• **Action item**
Return all the lines below exactly as written. Drop every picture.

***** Exercise inputs *****

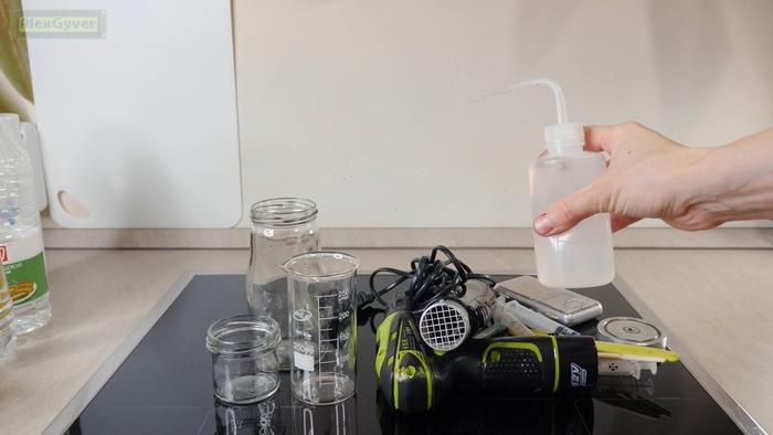 - Вода, желательно дистиллированная из магазина автозапчастей. Я делал с фильтрованной + кипячёной, разницы не заметил.
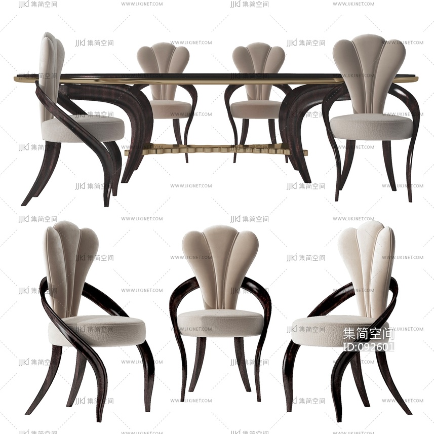 新古典实木餐桌椅 3d模型下载 [模型ID:92601]
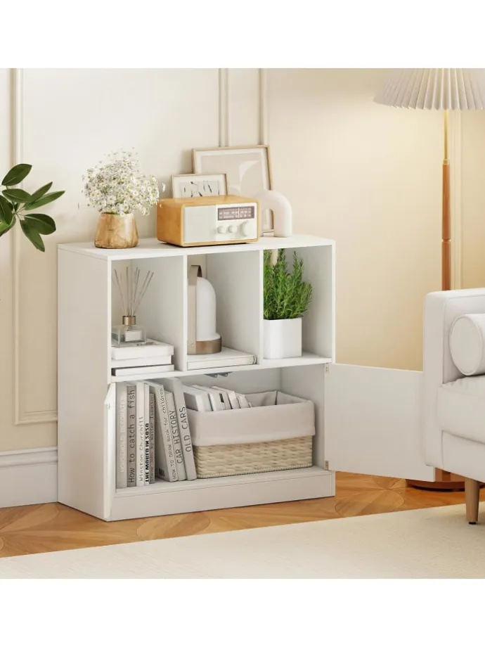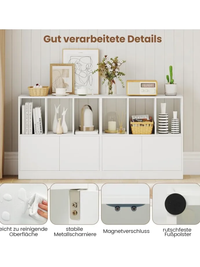 Mit 3 offenen Würfeln bietet dieses Bücherregal reichlich Platz, um Bücher, Fotos, Pflanzen oder Aufbewahrungsboxen zu präsentieren. Zusätzlich bietet der geschlossene Schrank versteckten Stauraum für Gegenstände und sorgt so für ein ordentliches und aufgeräumtes Erscheinungsbild. Ausgestattet mit 2 Anti-Kipp-Sicherungen bietet dieses moderne Displayregal zusätzliche Sicherheit durch feste Wandbefestigung. Dieses moderne Würfelregal dient nicht nur als Bücherregal, sondern auch als vielseitiges Displayregal und Aufbewahrungsregal. Seine Funktionalität wird durch sein ansprechendes Design ergänzt und macht das Standregal zur idealen Ergänzung für Zuhause und Büro.
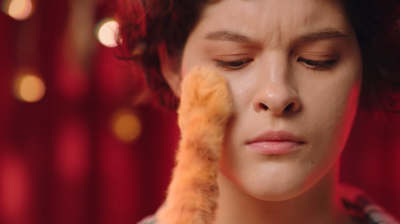 По сценарию Зоидова смотрит сериалы и поглощает мороженое, но коты решают её растормошить и помогают собраться на свидание.
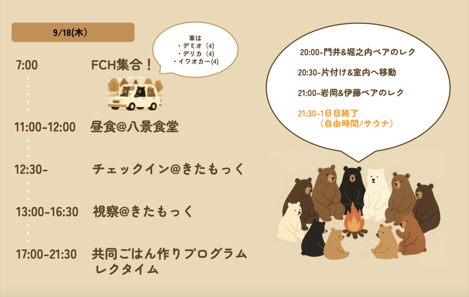 そうした時間そのものが、個人の成長だけでなく、ヒダクマとしての考え方を育んだり、共有していくことにもつながっていると感じた合宿でした。
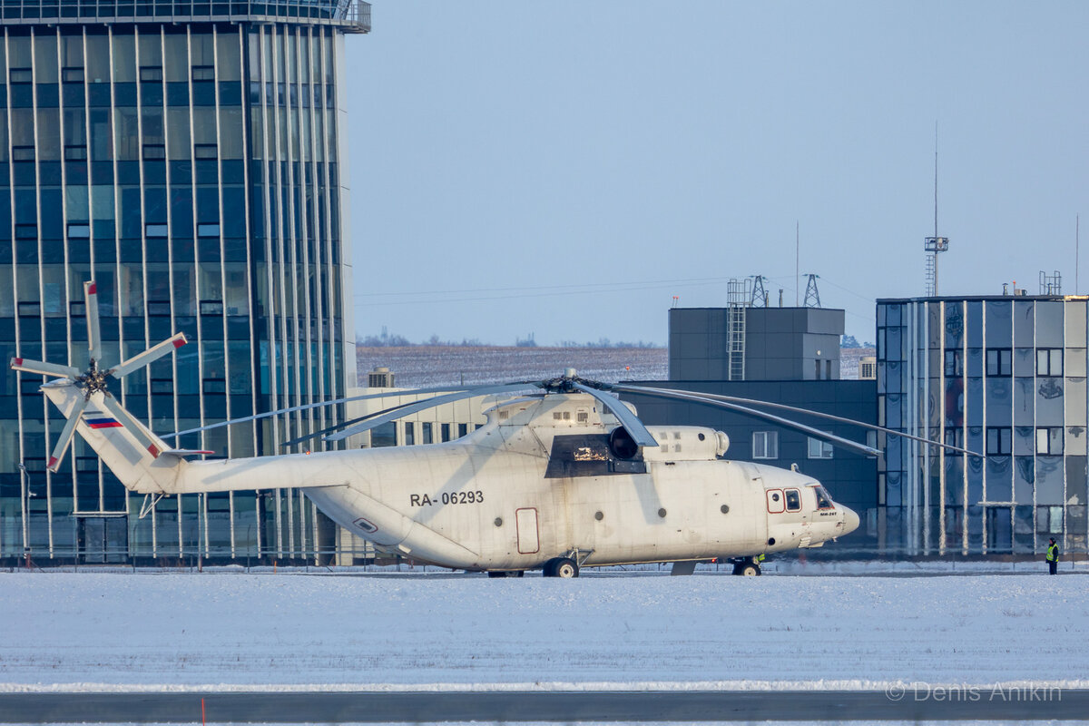 Вертолеты этого типа в аэропорту Гагарин иногда появляются, но застать мне их раньше не удавалось, а вот на днях всё сошлось и удалось посмотреть и поснимать этот вертолёт. И даже сделать небольшое видео. Ми-26 модификации "Т" авиакомпании "UTair" тем морозным утром готовился вылететь из международного аэропорта "Гагарин" (Саратов), простояв тут чуть более суток. Вертолёт Ми-26 созданный конструкторским бюро Миль, является самым крупным серийно выпускаемым транспортным вертолётом с грузоподъемностью 20 тонн. По рулежной дорожке вертолёт направляется к взлетной полосе. На таких размерах хорошо видно как сильно наклоняется несущий винт, чтобы обеспечить движение вперед. И вот выкатившись на ВПП и подняв клубы снега вертолёт разгоняется и отрывается от земли Моща! Вертолёты этого типа выпускаются в Ростове-на-Дону с 1980 года на предприятии «Роствертол», на данный момент произведено более 330 штук, треть которых продолжают эксплуатироваться по всему миру выполняя различные задачи. И небол
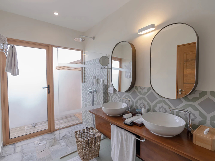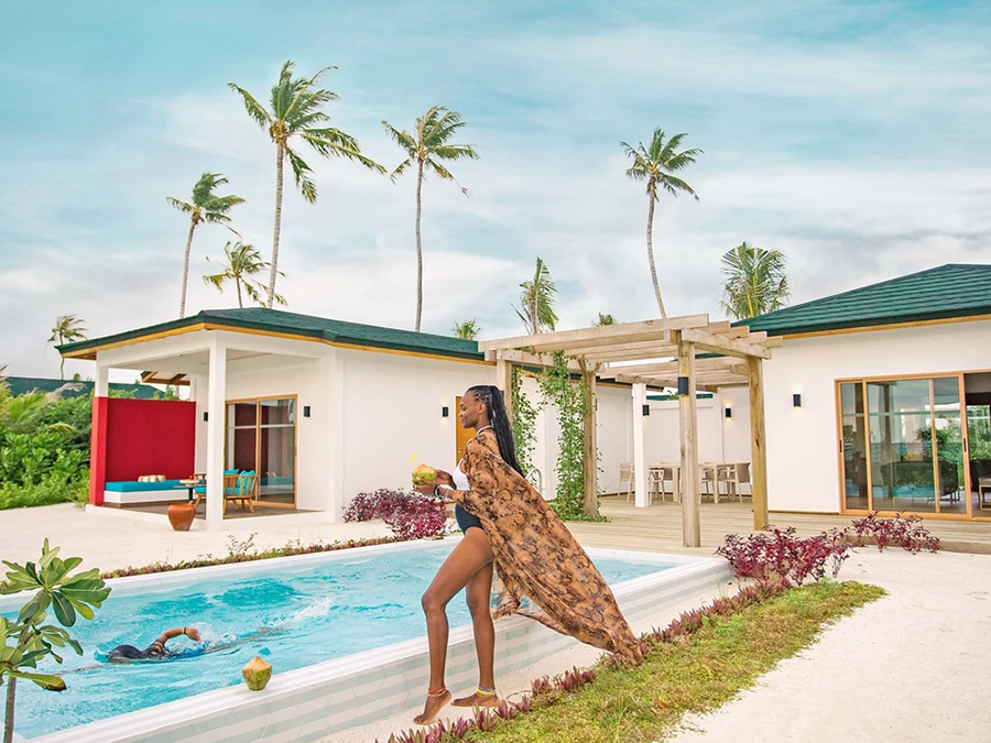 房型介绍:位于海滩别墅的对面,可以欣赏到令人惊叹的日落美景。总共有20间,面积70㎡,不带私人泳池,提供更大的客厅和浴室,提供更多的空间。每间海滩套房均设有一间典型的马尔代夫露天浴室。最多可以入住3名成人+1名小孩。

*****

• **Expected answer**
 - Вода, желательно дистиллированная из магазина автозапчастей. Я делал с фильтрованной + кипячёной, разницы не заметил.
 新古典实木餐桌椅 3d模型下载 [模型ID:92601]
 Mit 3 offenen Würfeln bietet dieses Bücherregal reichlich Platz, um Bücher, Fotos, Pflanzen oder Aufbewahrungsboxen zu präsentieren. Zusätzlich bietet der geschlossene Schrank versteckten Stauraum für Gegenstände und sorgt so für ein ordentliches und aufgeräumtes Erscheinungsbild. Ausgestattet mit 2 Anti-Kipp-Sicherungen bietet dieses moderne Displayregal zusätzliche Sicherheit durch feste Wandbefestigung. Dieses moderne Würfelregal dient nicht nur als Bücherregal, sondern auch als vielseitiges Displayregal und Aufbewahrungsregal. Seine Funktionalität wird durch sein ansprechendes Design ergänzt und macht das Standregal zur idealen Ergänzung für Zuhause und Büro.
 По сценарию Зоидова смотрит сериалы и поглощает мороженое, но коты решают её растормошить и помогают собраться на свидание.
 そうした時間そのものが、個人の成長だけでなく、ヒダクマとしての考え方を育んだり、共有していくことにもつながっていると感じた合宿でした。
 Вертолеты этого типа в аэропорту Гагарин иногда появляются, но застать мне их раньше не удавалось, а вот на днях всё сошлось и удалось посмотреть и поснимать этот вертолёт. И даже сделать небольшое видео. Ми-26 модификации "Т" авиакомпании "UTair" тем морозным утром готовился вылететь из международного аэропорта "Гагарин" (Саратов), простояв тут чуть более суток. Вертолёт Ми-26 созданный конструкторским бюро Миль, является самым крупным серийно выпускаемым транспортным вертолётом с грузоподъемностью 20 тонн. По рулежной дорожке вертолёт направляется к взлетной полосе. На таких размерах хорошо видно как сильно наклоняется несущий винт, чтобы обеспечить движение вперед. И вот выкатившись на ВПП и подняв клубы снега вертолёт разгоняется и отрывается от земли Моща! Вертолёты этого типа выпускаются в Ростове-на-Дону с 1980 года на предприятии «Роствертол», на данный момент произведено более 330 штук, треть которых продолжают эксплуатироваться по всему миру выполняя различные задачи. И небол
 房型介绍:位于海滩别墅的对面,可以欣赏到令人惊叹的日落美景。总共有20间,面积70㎡,不带私人泳池,提供更大的客厅和浴室,提供更多的空间。每间海滩套房均设有一间典型的马尔代夫露天浴室。最多可以入住3名成人+1名小孩。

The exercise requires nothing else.